Still Light is only abstract as far as it eschews traditional narrative structure and the creation of emotional verisimilitude with the subject, however, in this process, Beavers’ images are, as Bazin described as the condition for filmic realism; “dialectically fused with reality and not with artifice.” (Bazin, 106, 1974) We can see this in the use of masks and filters, again, as Bazin said of Renoir, “He does not indiscriminately record reality. Rather, he singles out the telling-but not conventional-detail.” (Bazin, 63), and in reference to the camera, “this invisible witness is inevitably made to wear blinders; its ideal ubiquity is restrained by framing.” (Bazin, 87). The masking in Still Light is an extension of these ‘blinders’, the inherent mask that the camera itself poses, now materialised; so as not to abstract the subject, but rather to reveal further qualities present in what would have been incidental and peripheral aspects of the image. Continuing on from this thought one can achieve a fundamental realisation about the work: the colour filters present are not there to disrupt reality and move the subject into pure portraiture, they are instead used to layer the dialectics present both internally and relationally in Hydra and London. No longer solely a movement through Europe, but rather more of a movement of time and of light (or life, as Markopoulos’ misspoke when referencing the film) and the stillness of the subject; Light/Life (landscape, wind, sea, film projection, focus pull), and Stillness (The Subject, The Filter, The Camera, The Spectator).

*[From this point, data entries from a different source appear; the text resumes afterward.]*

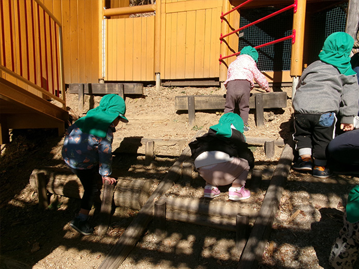 丸太の階段をゆっくりとのぼるかわいい~後ろ姿♡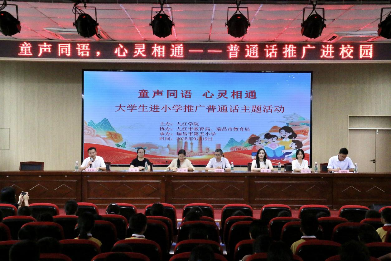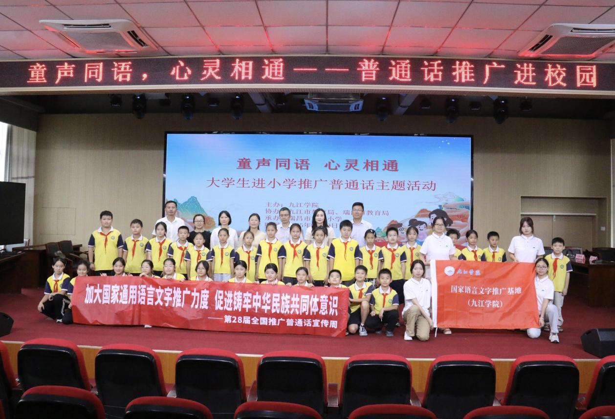 在第28届全国推广普通话宣传周期间,国家语言文字推广基地(BB贝博艾弗森官方网站)积极开展线上线下多元推普活动。9月19日,推普课堂走进了瑞昌市第五小学,与九江市教育局、瑞昌市教育局联合举办“童声同语,心灵相通”大学生进小学推广普通话主题活动,为同学们带来了一场互动式的语言文化体验。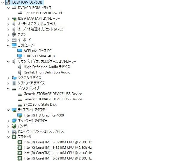 ・CPU:Intel Core i5-3210M 2.50GHz(2.50GHz)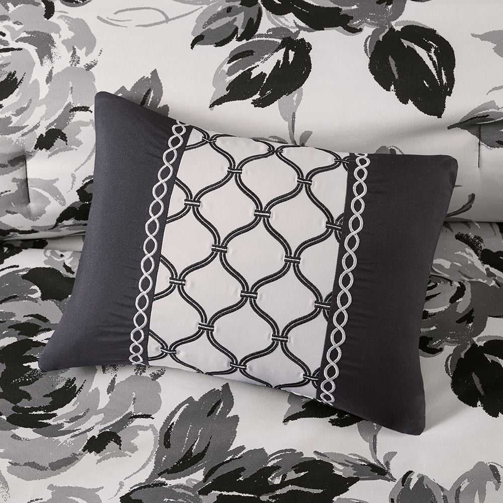 Transform your bedroom with the beautiful contrast of the Intelligent Design Dorsey Floral Print Comforter Set. The ultra-soft microfiber comforter and sham(s) flaunt a floral print in black and white for an elegant appeal. A solid black reverse on the comforter complements the top of the bed with a bold touch. Two decorative pillows with hypoallergenic filling are also included to complete the bedding set. Machine washable for easy care, this floral comforter set adds a stunning transitional look to your bedroom décor. This bedding set uses an antimicrobial treatment that provides built-in freshness protection, reducing the growth of odor causing bacteria to keep fabric lasting longer. |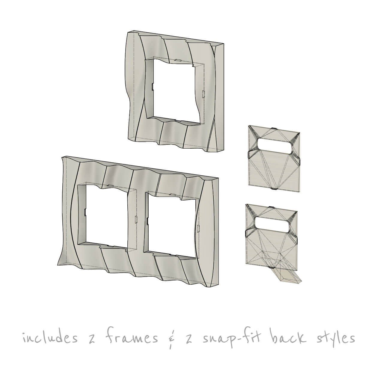 The STL files for our collection of wavy frames, allowing you to print the model with a 3d printer for both personal and commercial use.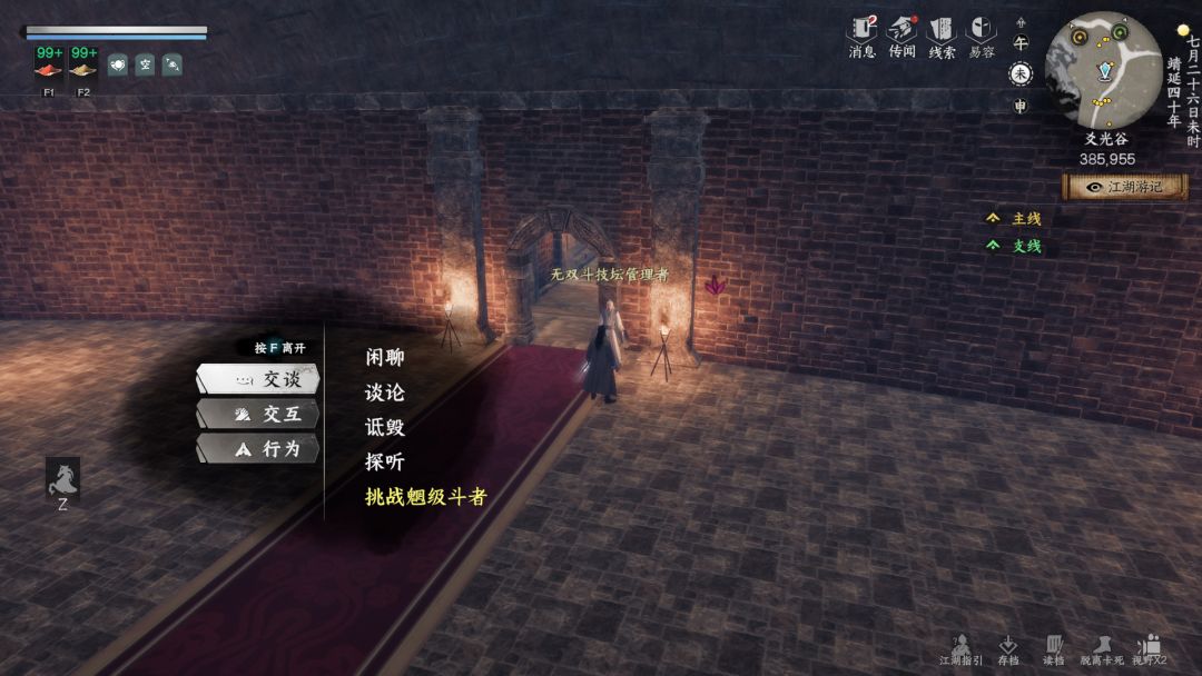 击败敌人后来到385.955对话无双斗技坛管理者挑战魍级斗者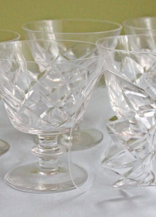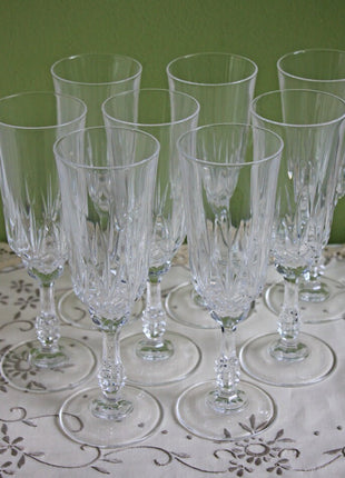Vintage Crystal Glasses. Eight Crystal Glasses. Crystal Bar Ware. Fine Stem Ware with Ornate Stem. Gift for Him. Bachelor or Bachelorette Party Gift. Mint condition. No chips, cracks or clouding. Price is for a set of eight beautiful glasses. We also have some other pattern glasses available in our store. Please click a link below to see them.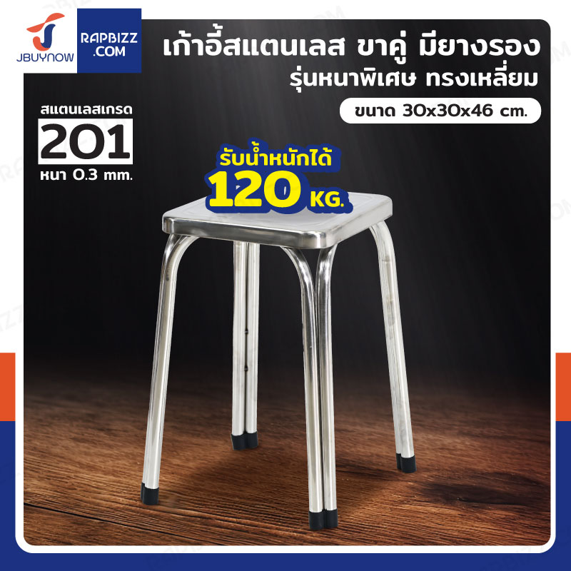เก้าอี้สแตนเลส 201 ขาคู่ มียางรอง รุ่นหนาพิเศษ ทรงเหลี่ยม 30x30x46 cm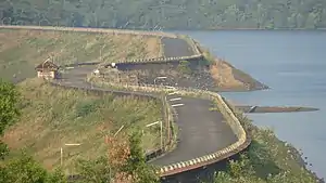 The Selaulim Dam is located on the Selaulim River, a tributary of the Zuari River in Goa, India, is an integral component of the Selaulim Irrigation Project which envisages benefits of irrigation and drinking water supply.[1][2][3] The dam is a composite earth+masonry dam of 42.7 metres (140 ft) height with a water spread area of 24 km2 (9.3 sq mi).[1]

Thus it follows, in the sequence located in Nigel Gosling’s apartment, that the edges of the images of Hydra are now reframed to the centre of the image. There is no longer an imposition of emotion onto space; instead, these previous images are transfigured into a representation of London’s newfound temporal isolation from Hydra - the direct passage from gaze into exhibition is eliminated, requiring the act of montage to be acknowledged within the structure of the film. The fact that the localisation of emotion is no longer possible coincides with the realisation that the process of geographical self-discovery is no longer possible. Perhaps as a consequence of the cold, Anglophonic class division of art criticism, new restraint has been unearthed, albeit resignedly, and the final shot opens out into the vast, blue, nondescript London morning.